- [Assigned task]:
Print all the data below exactly, without images.

- [Information supplied]:
════
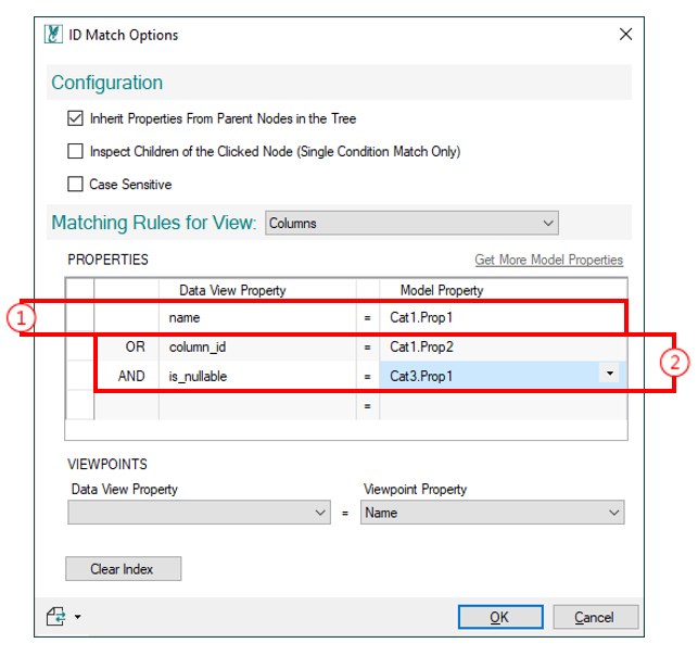When the 3D model is federated from multiple packages (Revit, Tekla, PDMS, Microstation etc.) the model property to use in the ID Match can have different name for each model. For that scenario, you can create complex ID Match, with multiple conditions and groups of conditions.
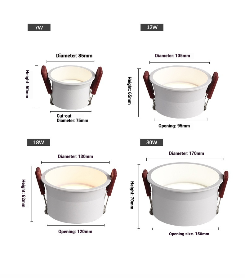 Round recess7Wφ85mm75mmAluminum bodyWhite165-265V803000K/4000K/6000K/three color color box +carton box
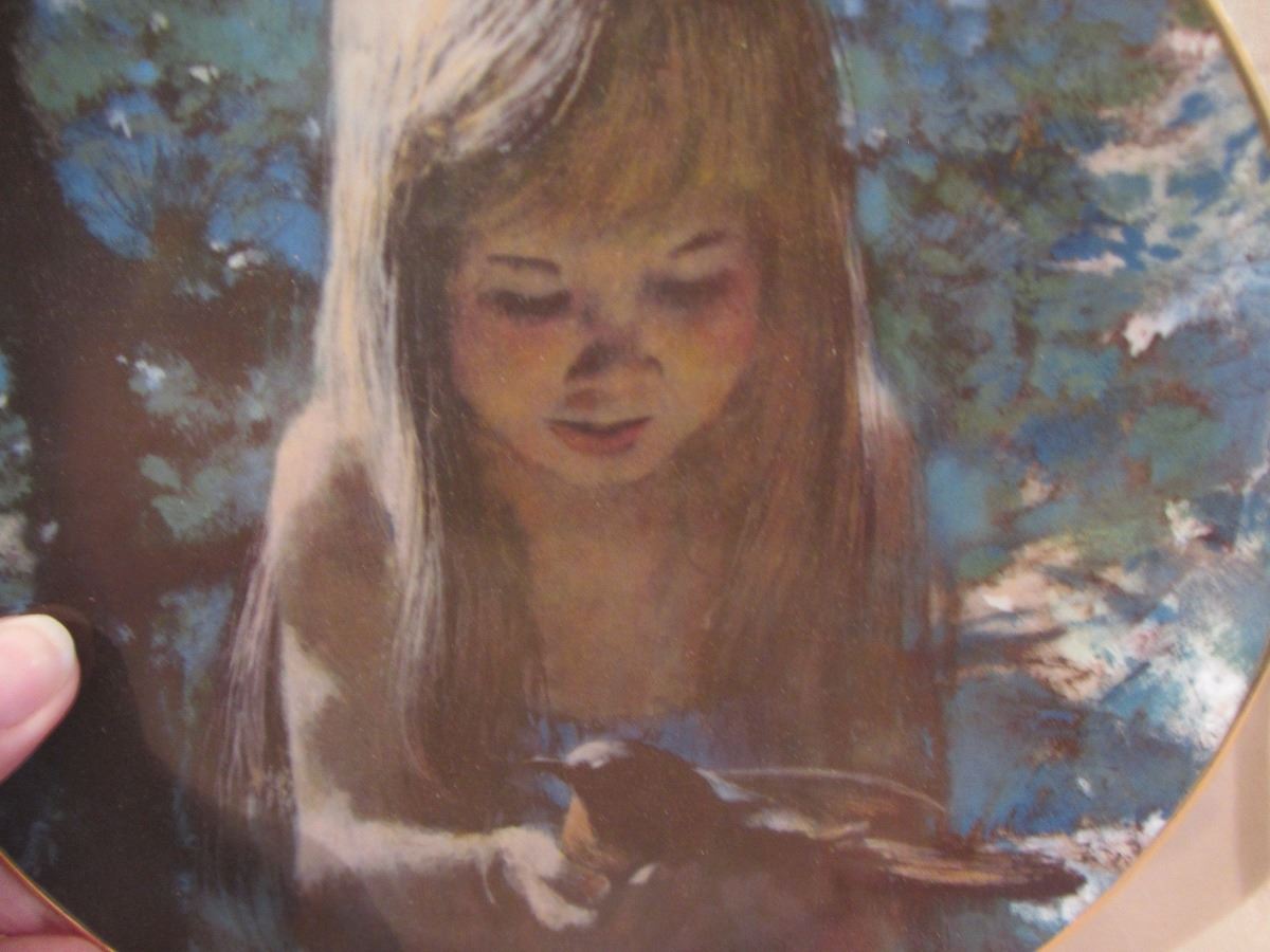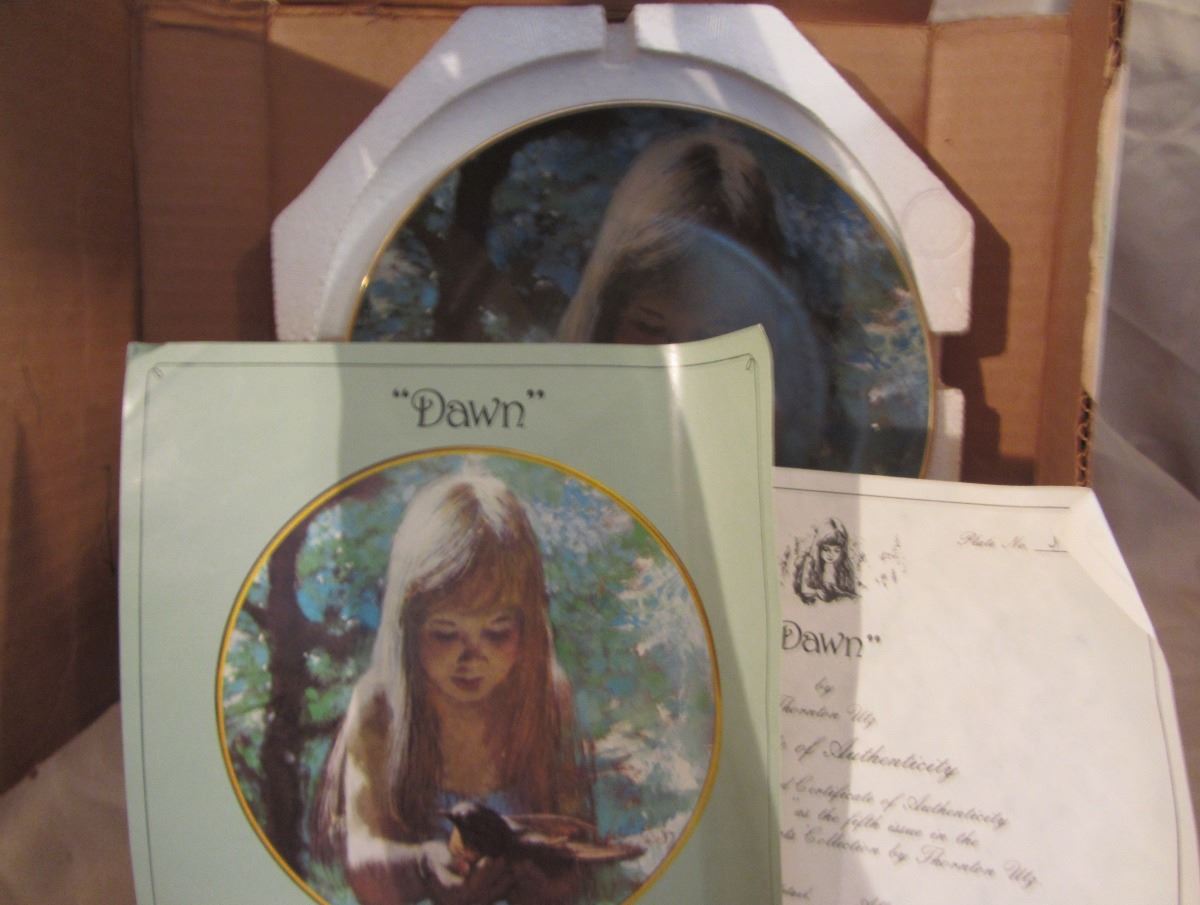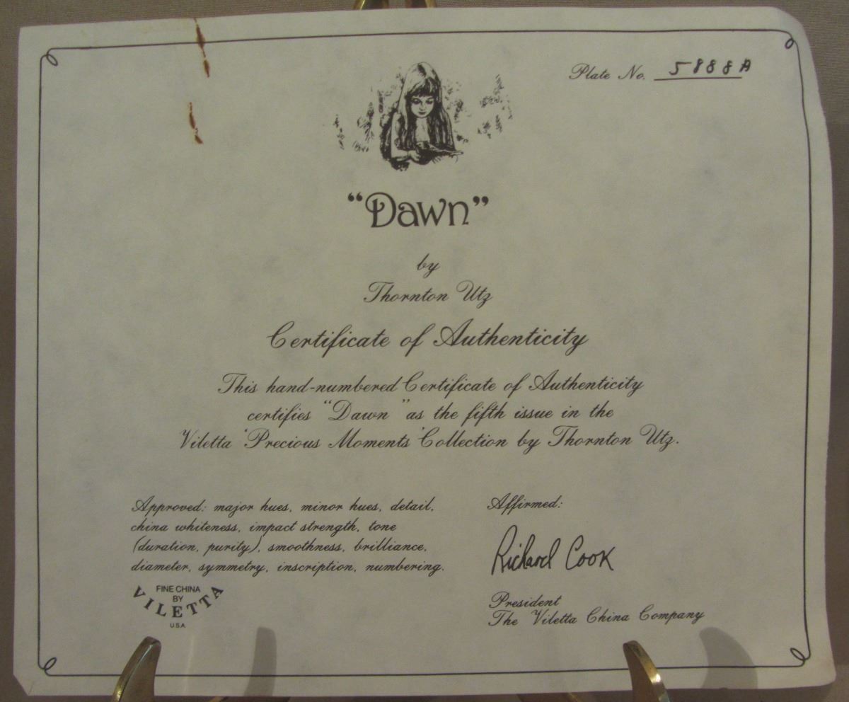 8 1/2" plate, dated 1980 'Dawn' this plate is the fifth issue in the Viletta 'Precious Moments Collection' by Thornton Utz. The Plate has 24K gold rim, plate number 5888 A, Firing date 2-20-81, Firing master R. T, comes in the original box, with paperwork and COA. (Please see images for details)
════
- [Output for this task]:
When the 3D model is federated from multiple packages (Revit, Tekla, PDMS, Microstation etc.) the model property to use in the ID Match can have different name for each model. For that scenario, you can create complex ID Match, with multiple conditions and groups of conditions.
 Round recess7Wφ85mm75mmAluminum bodyWhite165-265V803000K/4000K/6000K/three color color box +carton box
 8 1/2" plate, dated 1980 'Dawn' this plate is the fifth issue in the Viletta 'Precious Moments Collection' by Thornton Utz. The Plate has 24K gold rim, plate number 5888 A, Firing date 2-20-81, Firing master R. T, comes in the original box, with paperwork and COA. (Please see images for details)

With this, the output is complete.